Juve, l'evoluzione di Khedira: Allegri lo trasforma in mezz'ala

C’è anche e soprattutto la mano di Massimiliano Allegri nella Juventus versione 2016/2017, capace di dimenticare l’avvio storto della passata stagione e conquistare i primi sei punti disponibili contro due squadre di grande caratura come Fiorentina e Lazio. Il mister è stato bravo ad inserire i nuovi innesti senza bruciare le tappe, ma soprattutto ha saputo sfruttare le caratteristiche degli uomini a disposizione anche a costo di provare qualche esperimento tattico apparentemente azzardato.

Tra le novità principali della nuova stagione non si può non contemplare l’evoluzione – in chiave tattica – di Sami Khedira, possente centrocampista tedesco arrivato dal Real Madrid la scorsa stagione; anche se di esperimento non si può parlare, dato che l’attitudine ad aggredire la profondità era stata palesata anche nella passata stagione dal gigante di origine tunisine.

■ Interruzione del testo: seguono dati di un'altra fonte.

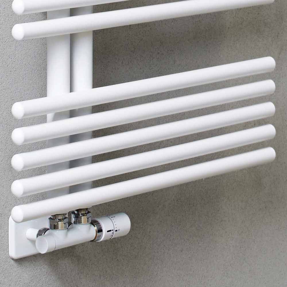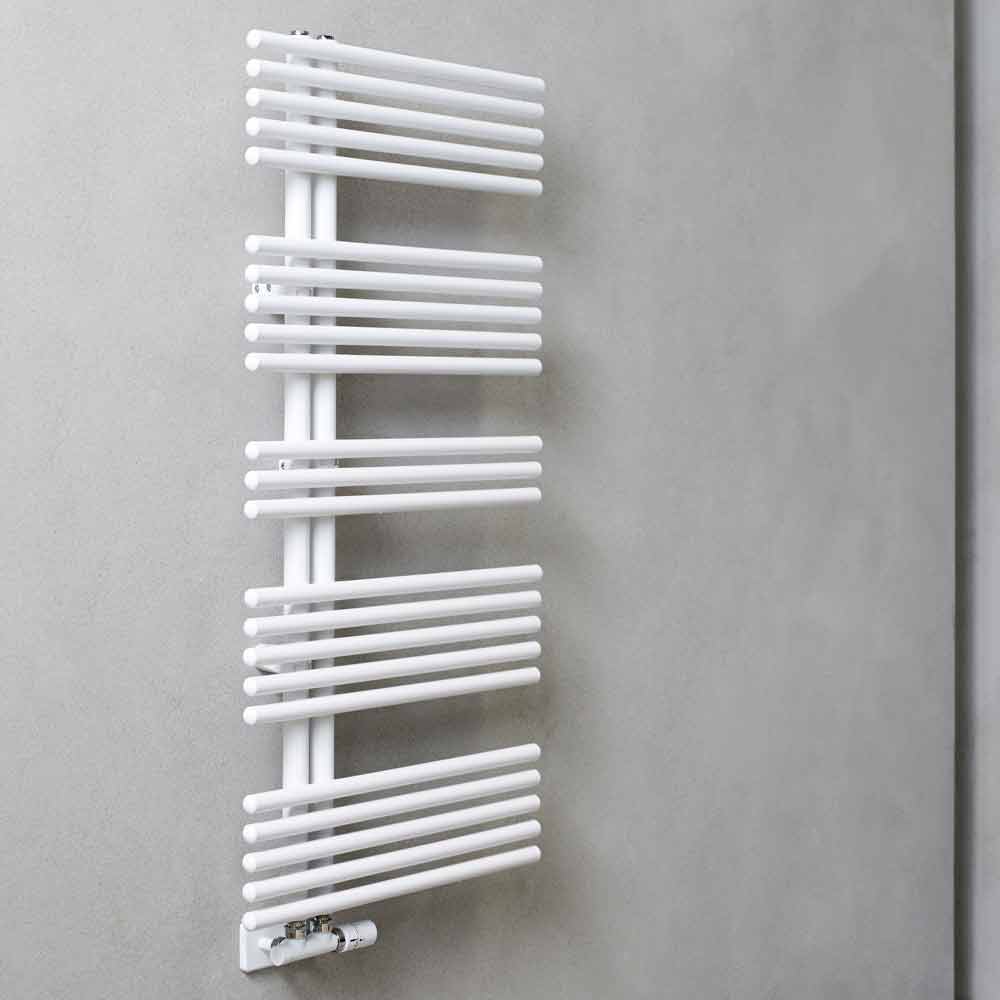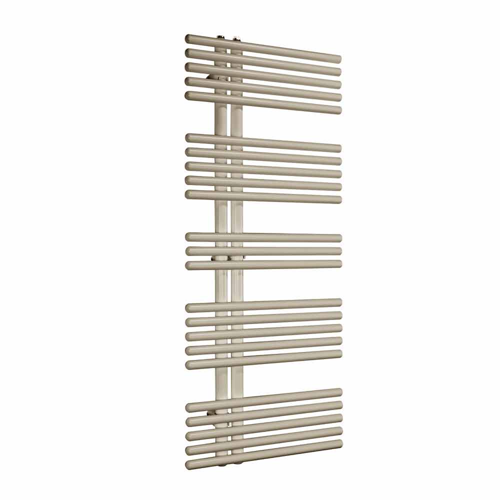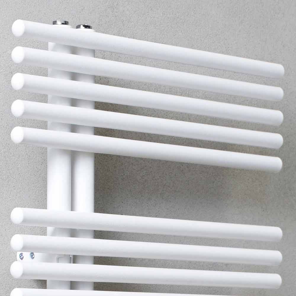 radiator me peshqir më të ngrohtë përmban një dizajn të bërë me tuba vertikalë me diametër 35 mm dhe tuba horizontale të rrumbullakët me diametër 25 mm. Forma e tij moderne dhe e veçantë e bën atë të

Il cambiamento è dunque avvenuto grazie alle capacità del tecnico bianconero di saper cogliere prima e sfruttare poi la predisposizione offensiva dell’ex mediano dello Stoccarda.

Un ex mediano, appunto, che ha abbandonato le vesti di centrocampista di contenimento per indossare quelle di incursore puro, prendendo il posto che era stato di Arturo Vidal ai tempi della gestione Conte. I due gol in due partite non sono e non possono essere solo frutto del caso: Sami Khedira è la nuova arma in più di Max Allegri. In attesa che gli ultimi giorni di mercato regalino una chiusura col botto.